Allen had felt a vague feeling of doom for the entire hour before Kanda found him. He'd spent the several hours since leaving Lavi in a shroud of melancholy, which was something that was becoming increasingly familiar as the few days since his waking in the laboratory passed. Allen wouldn't go so far as to call himself depressed, but there were things about being alive again and being in his new home that weighed on him more than he thought they would.
Somewhere during those hours of aimless melancholy, Allen ended up in his rooms and an almost just as aimless feeling of dread settled on his shoulders. As if he were apprehensive about something that was going to happen, but he didn't know what that something was.
The feeling drove him a little crazy in the hour it took for that thing his instincts were worried about to happen, so much so that when the hour was up and his bedroom door was thrown open with force to reveal his demonic host in the doorway, Allen was almost relieved.
"Almost" being the operative word, there.
Even if their last interaction had been the breath of fresh air in their new relationship that Allen had needed to feel more comfortable with the other man, his host was still an intimidating figure. And if the way he attacked that Harpy in the forest and the way it reacted to him was any indication, there was a good reason for that.
The demon in question stepped into the room, his lengthy height on full display (whatever it may be). Allen watched with stiff shoulders, his tongue feeling equally so, as Kanda cast his cold blue eyes judgmentally around Allen's bedroom. The boy found himself desperately wanting to know what it was that the older man saw.
To Allen, the room looked incredibly large and while the colors seemed incredibly dour to him, it was still beautifully furnished. Ignoring those, the room felt lived-in but undeniably empty. Some books Allen took from the library were the only personal items in the room. He doesn't know if Kanda saw that or cared about it. . . . Was he disappointed?
The demon seemed to grow tired of looking around the room and turned his head to Allen, not even bothering to take in the boy's appearance. Instead, he just honed in on his face.
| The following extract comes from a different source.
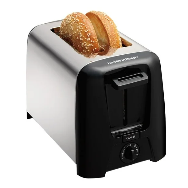Tostador Hamilton Beach de 2 rebanadas con expulsor automático, selector de dorado y bandeja para migajas para una limpieza sencilla.

Allen felt his body stiffen even more and how surprising it was that that was even possible!
The demon opened his thin lips, briefly showing off his sharp canines as he spoke. "How have your first few days here been?" He inquired, sounding mildly disinterested in the question even as he asked it.
"What?" Allen said at first. Then he jolted as his brain caught up to the statement and his response to it, hurrying to get a better response out before he angered his host. "Oh! It has been . . . fine, a lot to get used to."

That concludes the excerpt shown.